2. Based on the logs, it seems VM IDs 32, 18, 39 and 46 were running on the 
host.
3. No HA tasks for any of these VMs at this time.
5. Management server restarted at around 2015-07-16 12:30:20.
6. Host ID 3 connected back at around 2015-07-16 12:44:08.
7. Management server identified the missing VMs and triggered HA on those.
8. The VMs were eventually started, all 4 of them.

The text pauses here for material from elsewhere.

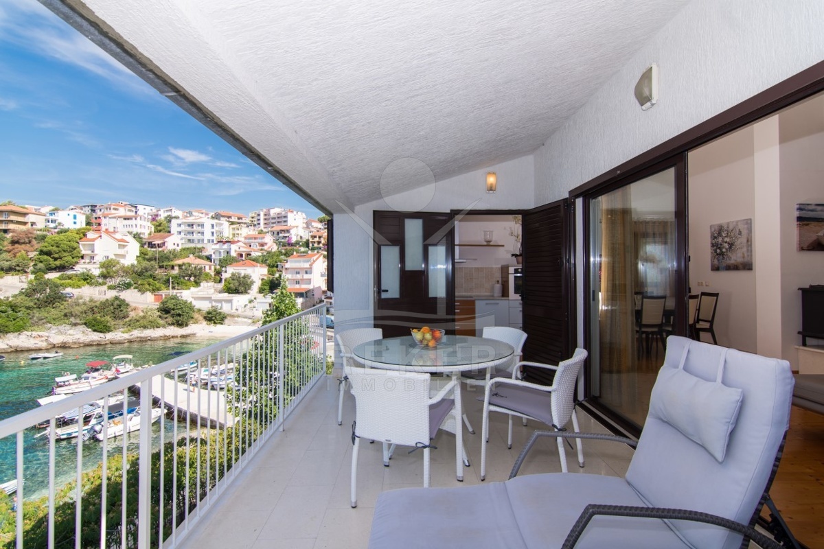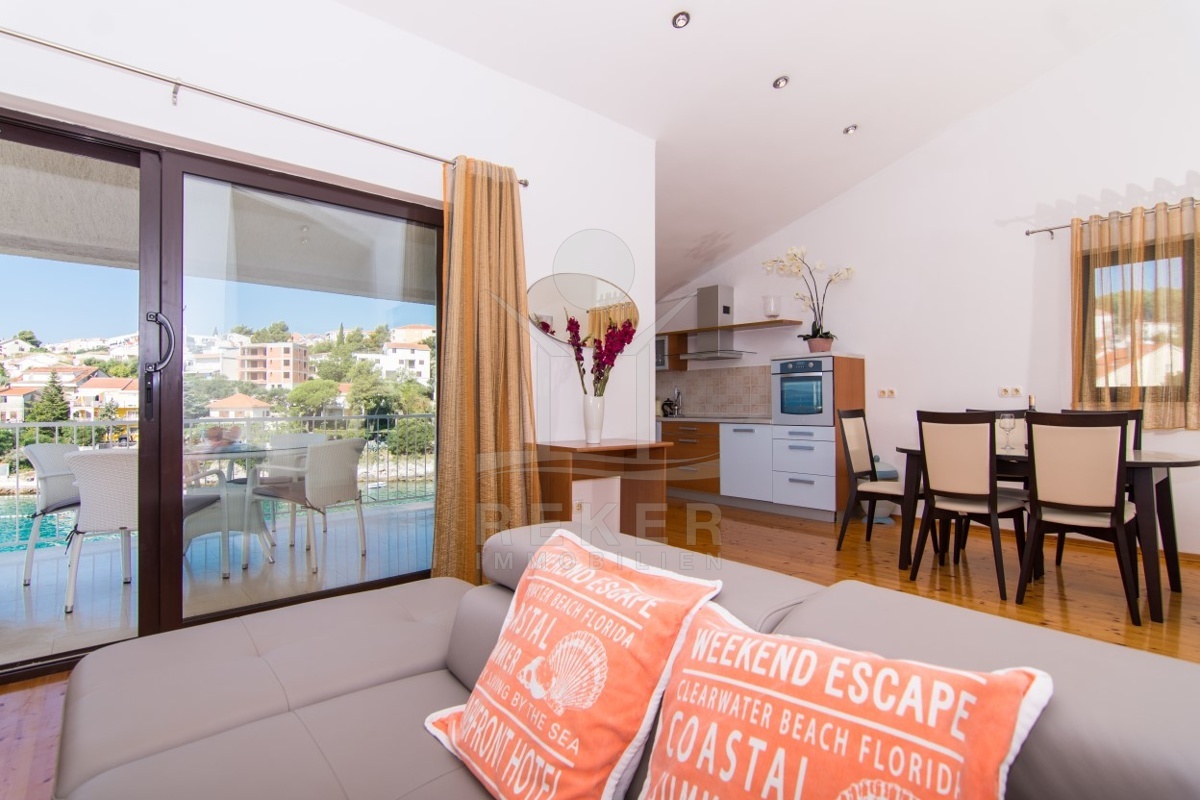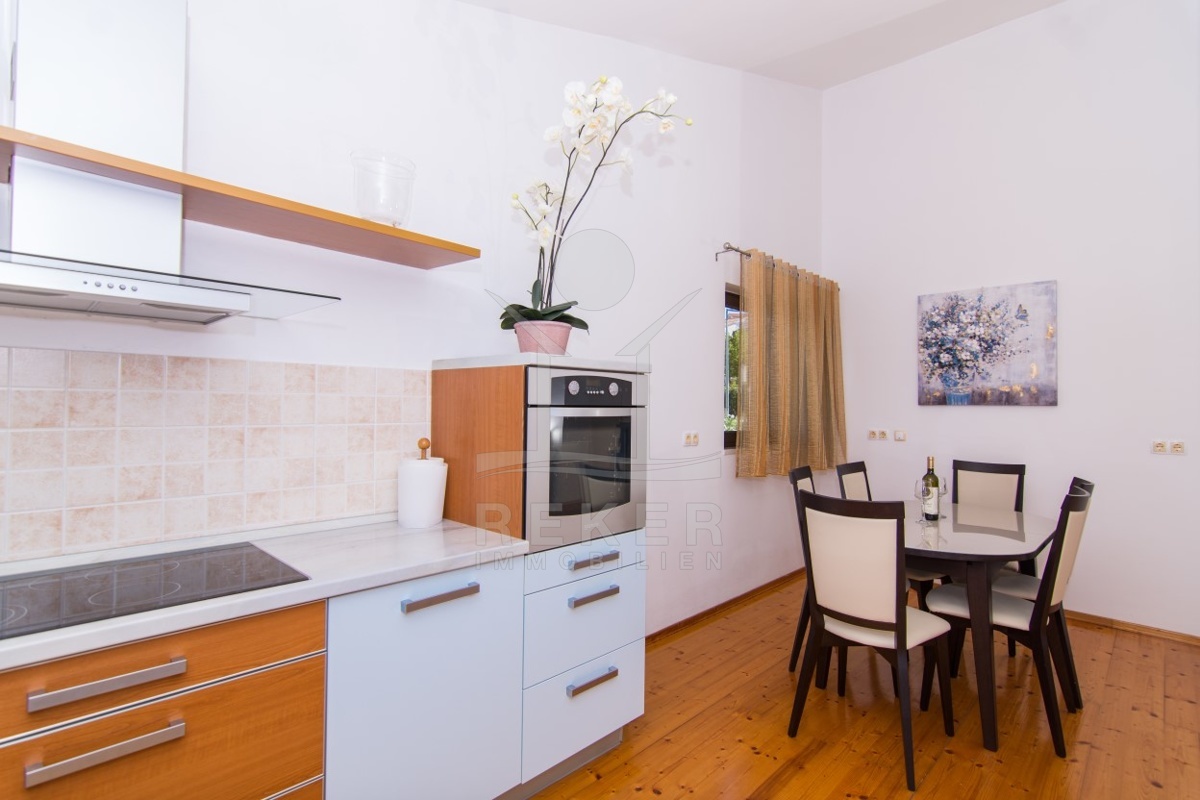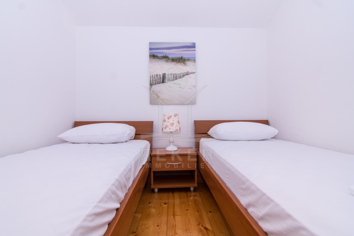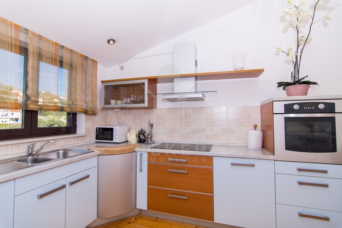In der Bucht von Mavarstica finden Sie Ihr neues Apartmenthaus, das Sie mit einer sanften Meeresbrise und dem melodischen Rauschen der Wellen verwöhnen wird. Das etwa 653 m² große Grundstück ist umzäunt, um Ihre Privatsphäre zu schützen, und beinhaltet Parkplätze für 3 Autos.
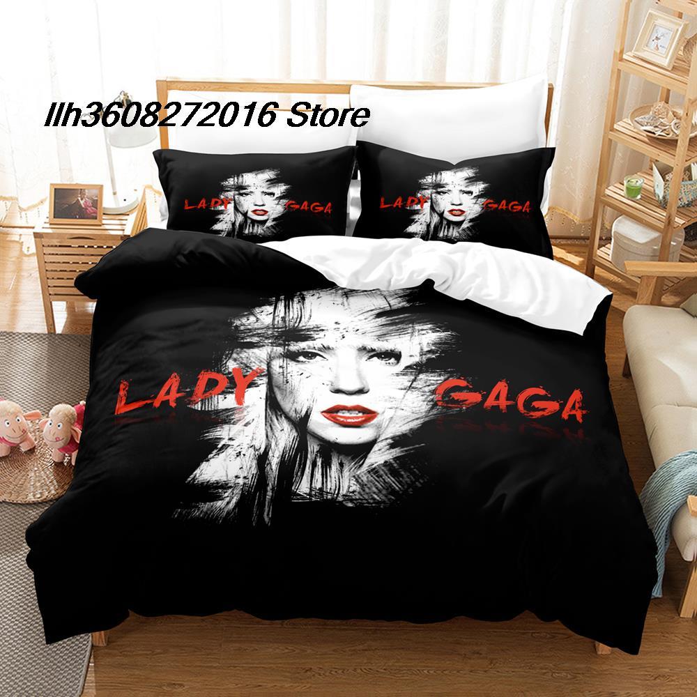 Product Features This Lady Gaga quilt cover set is custom-made-to-order and handcrafted to the highest quality standards. Material: 100% Polyester. Comes with one doona cover and two pillowcases. Pillow inserts and duvet inserts are not included. SOFT & COMFORTABLE – Made using soft material with siliconized fiber filling that provides a comfy and cozy feel...

I am not 100% sure why HA wasn't triggered until 2015-07-16 12:30 (#3), but I 
know that management server restart caused it not happen until the host was 
reconnected.
Perhaps, the management server don't reconize the host 3 totally down
(ping alive? or some quorum don't ok)
The only way to the mgt server to accept totally that the host 3 has a
real problem that the host 3 has been reboot (around 12:44)?

What is the storage subsystem? CLVMd?


Regards,
Somesh


-----Original Message-----
From: Luciano Castro [mailto:luciano.cas...@gmail.com]
Sent: Friday, July 17, 2015 12:13 PM
To: users@cloudstack.apache.org
Subject: Re: HA feature - KVM - CloudStack 4.5.1

No problems Somesh, thanks for your help.

Link of log:

https://dl.dropboxusercontent.com/u/6774061/management-server.log.2015-07-16.gz

Luciano

On Fri, Jul 17, 2015 at 12:00 PM, Somesh Naidu <somesh.na...@citrix.com>
wrote:

How large is the management server logs dated 2015-07-16? I would like to
review the logs. All the information I need from that incident should be in
there so I don't need any more testing.

Regards,
Somesh

-----Original Message-----
From: Luciano Castro [mailto:luciano.cas...@gmail.com]
Sent: Friday, July 17, 2015 7:58 AM
To: users@cloudstack.apache.org
Subject: Re: HA feature - KVM - CloudStack 4.5.1

Hi Somesh!









[root@1q2 ~]# zgrep -i -E

'SimpleIvestigator|KVMInvestigator|PingInvestigator|ManagementIPSysVMInvestigator'
/var/log/cloudstack/management/management-server.log.2015-07-16.gz |tail
-5000 > /tmp/management.txt
[root@1q2 ~]# cat /tmp/management.txt
2015-07-16 12:30:45,452 DEBUG [o.a.c.s.l.r.ExtensionRegistry] (main:null)
Registering extension [KVMInvestigator] in [Ha Investigators Registry]
2015-07-16 12:30:45,452 DEBUG [o.a.c.s.l.r.RegistryLifecycle] (main:null)
Registered com.cloud.ha.KVMInvestigator@57ceec9a
2015-07-16 12:30:45,927 DEBUG [o.a.c.s.l.r.ExtensionRegistry] (main:null)
Registering extension [PingInvestigator] in [Ha Investigators Registry]
2015-07-16 12:30:45,928 DEBUG [o.a.c.s.l.r.ExtensionRegistry] (main:null)
Registering extension [ManagementIPSysVMInvestigator] in [Ha Investigators
Registry]
2015-07-16 12:30:53,796 INFO  [o.a.c.s.l.r.DumpRegistry] (main:null)
Registry [Ha Investigators Registry] contains [SimpleInvestigator,
XenServerInvestigator, KVMInv

I  searched  this log before, but as I thought that had not nothing
special.

If you want propose to me another scenario of test, I can do it.

Thanks


On Thu, Jul 16, 2015 at 7:27 PM, Somesh Naidu <somesh.na...@citrix.com>
wrote:

What about other investigators, specifically " KVMInvestigator,
PingInvestigator"? They report the VMs as alive=false too?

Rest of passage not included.